Dentro deste contexto, entendo que, dentre as provas apresentadas, aquelas carreadas pelo reclamante são as que melhor demonstram sua real condição de trabalho, que lhe expõe a agentes nocivos à saúde, uma vez que sua jornada de trabalho era dentro de veículo, apenas com ventilação natural vinda da janela lateral; a estrutura do veículo toda em metal, favorecendo altas temperaturas; localização dos motores; inexistência de limitação quanto à lotação de passageiros, que aumenta ainda mais o nível de desconforto térmico e a propagação de doenças infecto contagiosas; tráfego intenso; trânsito caótico e outros. Assim, as atividades de cobrador de ônibus urbano são desenvolvidas em ambiente insalubre, com índices acima dos limites de tolerância pela exposição ao calor.

Apesar da perícia técnica ser um dos meios que o julgador pode lançar mão para esclarecer fatos a fim de que forme seu convencimento, o juiz não está adstrito, exclusivamente, a este ou aquele laudo pericial, nos termos do artigo 436 do CPC, podendo inclusive, até refutá-los, com base em outras provas dos autos que mais se amoldam a primazia da realidade. Na prova pericial carreada aos autos pelas reclamadas (Ids. 22421, 22425, 22426, 22427, 22428, 2249, 22431 e 222433), com conclusão desfavorável ao reclamante, percebe-se que o veículo estava sem passageiros. É óbvio que com o veículo vazio e sem paradas constantes a temperatura fica mais amena.

Logo, entendo configurada a insalubridade do ambiente de trabalho pelo agente calor, no percentual de 20% sobre o salário do reclamante, índice estabelecido com base nas perícias carreadas aos autos, que enquadrou a atividade insalubre como de grau médio, devendo ser considerado o período em que o obreiro laborou como motorista, conforme requerido na inicial, com reflexos sobre 13° salários, férias + 1/3 e FGTS 8% do período laboral e rescisão.

Da base de cálculo

Dispõe a Súmula Vinculante n. 4 do STF:

Salvo nos casos previstos na Constituição, o salário mínimo não pode ser usado como indexador de base de cálculo de vantagem de servidor público ou de emprego, nem ser substituído por decisão judicial.

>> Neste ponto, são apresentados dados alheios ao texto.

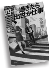
過ぎたら出世が仕事 よんじゅう 四十過ぎたら ほんじょう まさと 著 本城 雅人 著

課長になって早々に前代未聞のトラブルを抱えた阿南、無能な上司に怒りが収まらない課長の石渡…。阿南たちは同じ節目を迎えた仲間と悩み、ぶつかりながら奮闘する。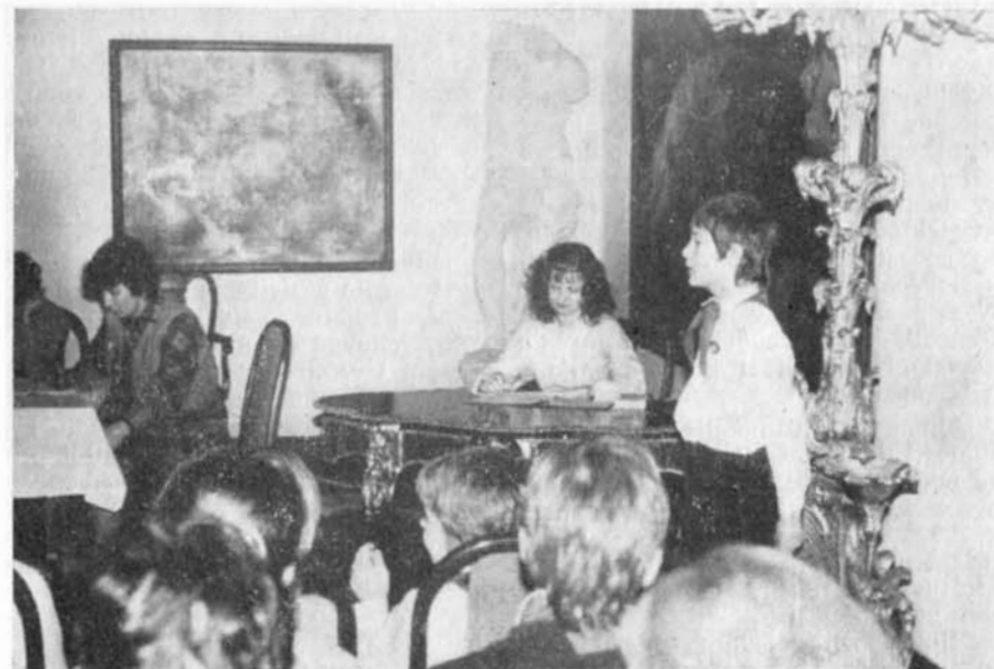
Městské kolo v recitaci proběhlo v Rubensově síle slavkovského zámku

Destaque-se que o entendimento do C. TST é no sentido de que até a edição de lei que venha a regulamentar o pagamento do adicional de insalubridade, sua base de cálculo continuará sendo o salário mínimo. Importante registrar que, quando da edição da Súmula Vinculante n. 4, o STF declarou a inconstitucionalidade dessa forma de cálculo, mas ressaltou a impossibilidade de adoção, pelo Poder Judiciário, de forma diversa, até que norma legal venha regulamentar o tema, uma vez que não cabe ao Poder Judiciário fixar base de cálculo diversa da prevista em lei. É esse o entendimento que se extrai do seguinte trecho da Rcl. 6.266-MC/DF:

E mais, no julgamento que deu origem à mencionada Súmula Vinculante n. 4 (RE 565.714/STF, Rel. Min. Carmen Lúcia, Sessão de 30.04.2008 - Informativo n. 510/STF), esta Corte entendeu que o adicional de insalubridade deve continuar sendo calculado com base no salário mínimo, enquanto não superada a inconstitucionalidade por meio de lei ou convenção coletiva.

Logo, a base de cálculo a ser utilizada é o salário mínimo.

 

Conclusão do recurso

Decido conhecer do recurso ordinário do reclamante e dar-lhe provimento parcial, para o fim de deferir o pagamento de adicional de insalubridade no percentual de 20% sobre o salário mínimo, com reflexos sobre 13° salários, férias + 1/3 e FGTS 8% do período laboral e rescisão, conforme fundamentação.

Custas pela reclamada, no importe de R$140,00, calculadas sobre o valor arbitrado da condenação, de R$.7.000,00.

DISPOSITIVO

Participaram do julgamento os Excelentíssimos Desembargadores: Presidente - ORMY DA CONCEIÇÃO DIAS BENTES; Relator - AUDALIPHAL HILDEBRANDO DA SILVA; JORGE ALVARO MARQUES GUEDES, e o(a) Procurador(a) do Trabalho ANDREA DA ROCHA CARVALHO GONDIM.

ACORDAM os Desembargadores do Trabalho do Tribunal Regional do Trabalho da 11ª Região, por unanimidade de votos, conhecer do recurso ordinário do reclamante e dar-lhe provimento parcial, para o fim de deferir o pagamento de adicional de insalubridade no percentual de 20% sobre o salário mínimo, com reflexos sobre 13° salários, férias + 1/3 e FGTS 8% do período laboral e rescisão, conforme fundamentação.

Custas pela reclamada, no importe de R$140,00, calculadas sobre o valor arbitrado da condenação, de R$.7.000,00.